Sep 15 10:41:58 5557ffdad223d394 dhclient[3259]: DHCPDISCOVER on eth0 to 255.255.255.255 port 67 interval 10
Sep 15 10:42:08 5557ffdad223d394 dhclient[3259]: DHCPDISCOVER on eth0 to 255.255.255.255 port 67 interval 11
Sep 15 10:42:19 5557ffdad223d394 dhclient[3259]: DHCPDISCOVER on eth0 to 255.255.255.255 port 67 interval 11
Sep 15 10:42:30 5557ffdad223d394 dhclient[3259]: DHCPDISCOVER on eth0 to 255.255.255.255 port 67 interval 8
Sep 15 10:42:38 5557ffdad223d394 dhclient[3259]: DHCPDISCOVER on eth0 to 255.255.255.255 port 67 interval 8
Sep 15 10:42:38 5557ffdad223d394 dhclient[3259]: 5 bad udp checksums in 5 packets
Sep 15 10:42:46 5557ffdad223d394 dhclient[3259]: No DHCPOFFERS received.

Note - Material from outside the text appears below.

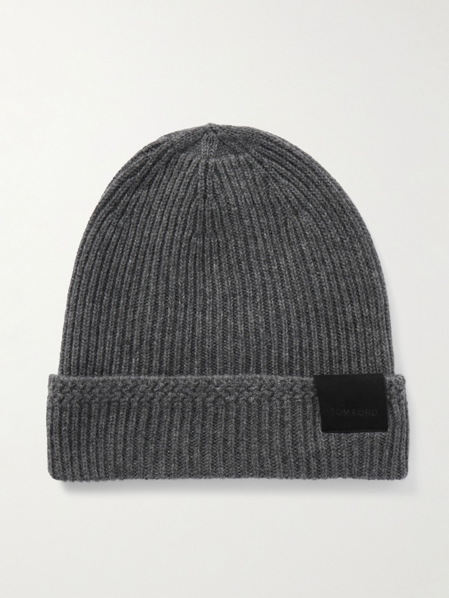 Logo-Appliquéd Ribbed Cashmere Beanie Gray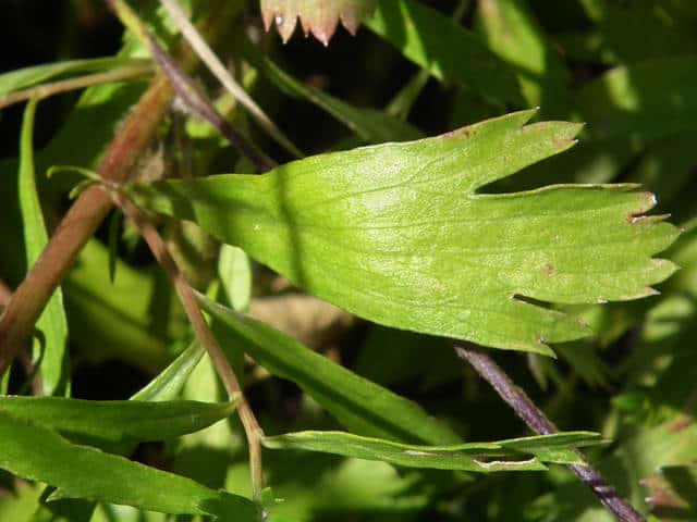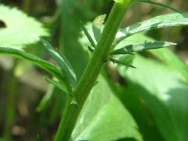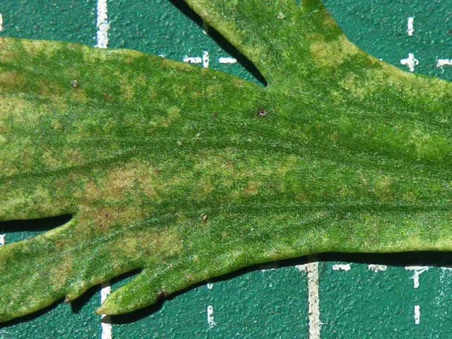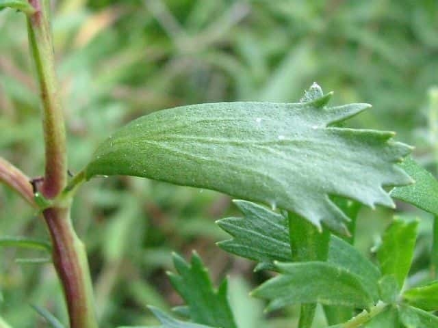 | ▼下部の葉は上部が切れ込む。 | ▼表面は無毛。 | |

So looks like the UDP checksum set by the ignite sandbox is incorrect. Let me confirm with the pcap.

networkop commented 2 years ago

image

networkop commented 2 years ago

yep, can confirm , running ethtool --ofload vm_eth0 tx off inside the ignite sandbox fixes the problem

GrigoriyMikhalkin commented 2 years ago

@networkop Wow, that was cool) Just was able to make it work locally too.

What would you suggest to do next, regarding CL 3.7 support in containerlab? I suppose we should wait for fix to ignite and then add kernel mapping to containerlab?

networkop commented 2 years ago

yeah, those two things should cover it. If you could run some additional tests on it in the meantime, to make sure no other functionality is affected, that would be great.